2021-01-14 18:27:14 -08:00 · 2021-01-14 18:27:14 -08:00 · 6c588dded7
--- a/samples/sample_gemm_library.hat
+++ b/samples/sample_gemm_library.hat
@ -0,0 +1,112 @@
+#ifdef TOML
+
+[description]
+comment = "Automatically generated by the RoboCode compiler"
+author = "John Doe"
+version = "1.2.3.5"
+license_url = "https://www.apache.org/licenses/LICENSE-2.0.html"
+
+[functions]
+    [functions.GEMM_B94D27B9934D3E08]
+    name = "GEMM_B94D27B9934D3E08"
+    description = "CPU Implementation of the GEMM algorithm: C = alpha * (A * B) + beta * C with specific sizes."
+    arguments = [
+        { name = "A", description = "left-hand input matrix", logical_type = "affine_array", declared_type = "const float*", element_type = "float", usage = "input", layout = { affine_array = { shape = [ 512, 256 ], affine_map = [ 256, 1 ], affine_offset = 0 } } },
+        { name = "B", description = "right-hand input matrix", logical_type = "affine_array", declared_type = "const float*", element_type = "float", usage = "input", layout = { affine_array = { shape = [ 256, 512 ], affine_map = [ 512, 1 ], affine_offset = 0 } } },
+        { name = "C", description = "result accumulation matrix", logical_type = "affine_array", declared_type = "float*", element_type = "float", usage = "input_output", layout = { affine_array = { shape = [ 512, 512 ], affine_map = [ 512, 1 ], affine_offset = 0 } } },
+        { name = "alpha", description = "Scalar to apply to A*B matrix product", logical_type = "element", declared_type = "float", element_type = "float", usage = "input" },
+        { name = "beta", description = "Scalar to apply to the input C matrix before accumulating", logical_type = "element", declared_type = "float", element_type = "float", usage = "input" }
+    ]
+    return = { name = "return value", description = "GEMM_B94D27B9934D3E08 return value", logical_type = "void", declared_type = "void", element_type = "void", usage = "output" }
+
+        [functions.GEMM_B94D27B9934D3E08.auxiliary]

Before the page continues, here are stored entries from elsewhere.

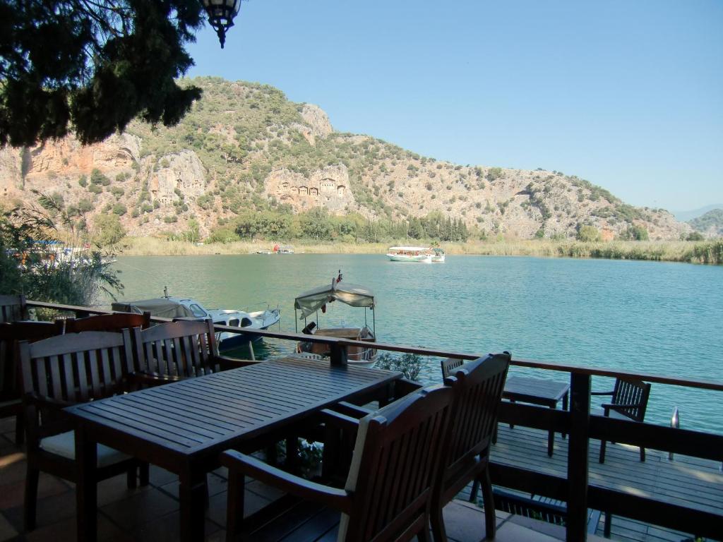 روی اسکله میز و صندلی، صندلی راحتی و کوسن هایی وجود دارد که می توانید صبحانه بخورید، (درست از آن طرف رودخانه) مقبره معروف پادشاهان کاونوس را تحسین کنید و اگر می خواهید حتی در خود رودخانه شیرجه بزنید. .
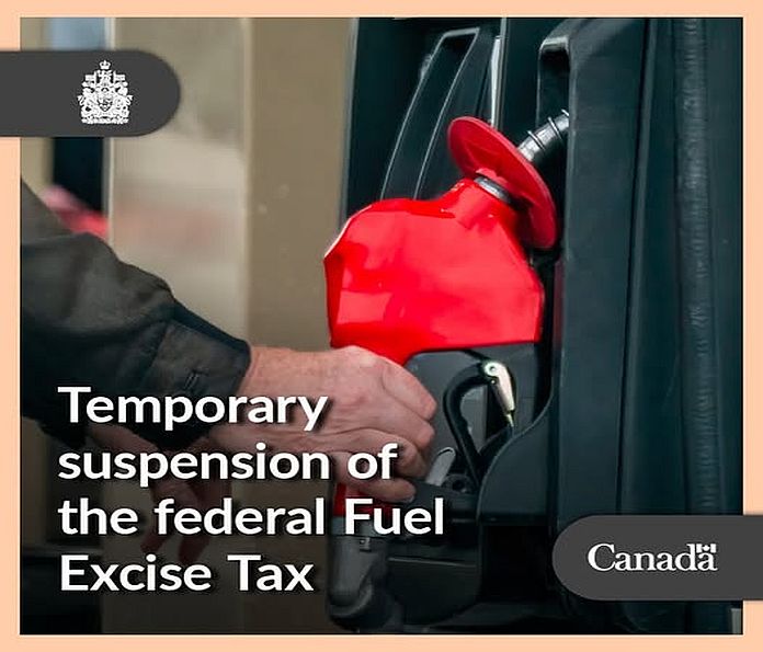 OTTAWA, Canada – Prime Minister, Mark Carney, has announced that the government is temporarily suspending the federal Fuel Excise Tax on gasoline and diesel across Canada. Starting April 20, 2026, Canada’s new government will suspend the full amount of the tax on gasoline and diesel until September 7, 2026. This is expected to reduce Canadians’ bills at the gas station by 10 cents per litre on regular gasoline and 4 cents on diesel. The government is also temporarily suspending the federal Fuel Excise Tax on aviation fuels.
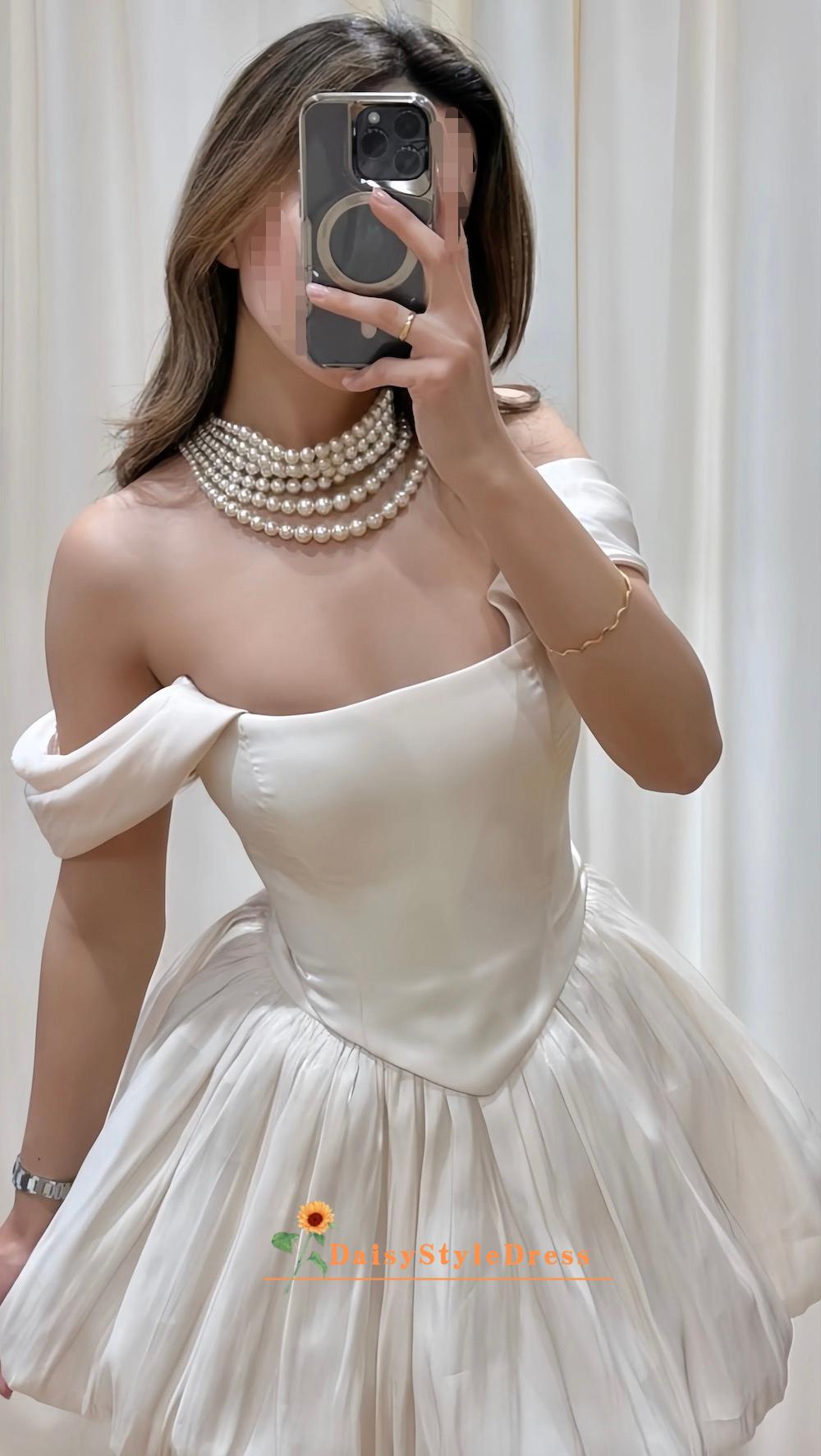 Off the Shoulder V-waistline Short Prom Dress

+            [functions.GEMM_B94D27B9934D3E08.auxiliary.ORT]
+            node = "gemm"
+
+            [functions.GEMM_B94D27B9934D3E08.auxiliary.MAIC]
+            node = "gemm"
+
+            [functions.GEMM_B94D27B9934D3E08.auxiliary.RoboCode]
+            implementation = "MLAS_Value_GEMM"
+            node = "GEMM"
+                [functions.GEMM_B94D27B9934D3E08.auxiliary.RoboCode.implementation_config]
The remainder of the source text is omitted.